Here, there are no terms in the plan which allow it to be amended by inserting into the SPD such critical provisions as the administrator’s discretionary authority to interpret the plan or to determine eligibility for benefits. Indeed, this particular plan wholly fails to comply with § 1102(b)(3)’s requirement to include a procedure governing amendment of the plan.
Thus, there is no basis for concluding that the purported grant of discretion in the SPD is a procedurally proper amendment of the policy, and therefore “the policy’s failure to grant discretion results in the default de novo standard.” Jobe, 598 F.3d at 486. “Consequently, the district court should not have reviewed the administrator’s decision for abuse of discretion but, rather, should have reviewed it de novo.” Id.
Ringwald v. Prudential Ins. Co. of Am. (8th Cir.) (06/21/10)
It is not unusual to see plan documents and summary plan descriptions merged into one document these days, or for summary plan descriptions to take on the role as the source of authority and documentation of administrative practices. This recent Eighth Circuit opinion should give plan fiduciaries pause as they delegate such paperwork to their claims administrators and benefit communications consultants.
Here, the question was whether the plan granted discretionary authority to the plan administrator so as to invoke the benefit of an abuse of discretion standard of review. The answer – the summary plan description did, but the plan document did not.
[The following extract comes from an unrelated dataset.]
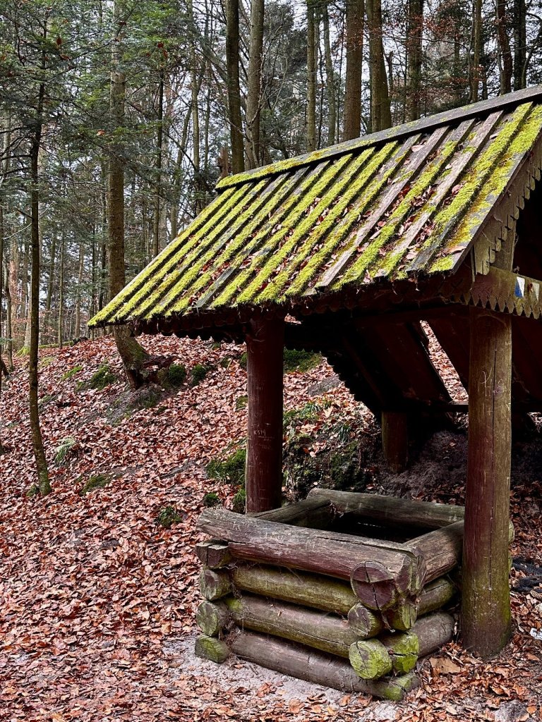 Do kapliczki z przeciwnej strony prowadzą niższe schody oraz podjazd, a sama droga jest bardziej wypłaszczona i przyjazna mniej sprawnym turystom. Są ławeczki, wiata ze studnią, ale nie zastaliśmy w niej wody.

And therefore, a de novo standard of review applied.
Some of you may be saying, but I thought the summary plan description controlled in the case of a conflict between the plan and the SPD? The Eighth Circuit observes that this rule of “SPD prevails” only applies where necessary to protect the plan participants.
the policy underlying the “SPD prevails” rule was ERISA’s important goal of providing complete disclosure to plan participants, such that where disclosures made in an SPD pursuant to 29 U.S.C. § 1022(a)(1) . . . ERISA’s policy of full disclosure – inuring to the benefit of employees, not employers – would not be advanced by a blanket rule indicating an SPD “prevails over the policy in all circumstances.”
Thus, the door opens for the plan participant to introduce the plan document as a means of impeaching the SPD. ERISA forbids a plan administrator from using the SPD “to enlarge the rights of the plan administrator at the expense of plan participants when the plan itself does not confer those rights.”
Note: This case does not address the combination of the plan and the SPD into one document. It does illustrate, however, the risks incurred when plan administrators deviate from ERISA’s documentary scheme.
ERISA contemplates plan documents which control many important legal matters, such as allocation of fiduciary responsibilities, specification of amendment procedures, eligibility, participation and claims adjudication rules. ERISA further contemplates an SPD or SMM that put these matters in the vernacular for the plan participants.
In view of Ringwald, if important language fails to appear in the plan document, such as a grant of discretion, the SPD cannot cure this deficiency. Plan fiduciaries should review and compare the plan language on this issue as well as other important issues, such as ERISA subrogation and reimbursement rights, to ensure consistency in plan documentation.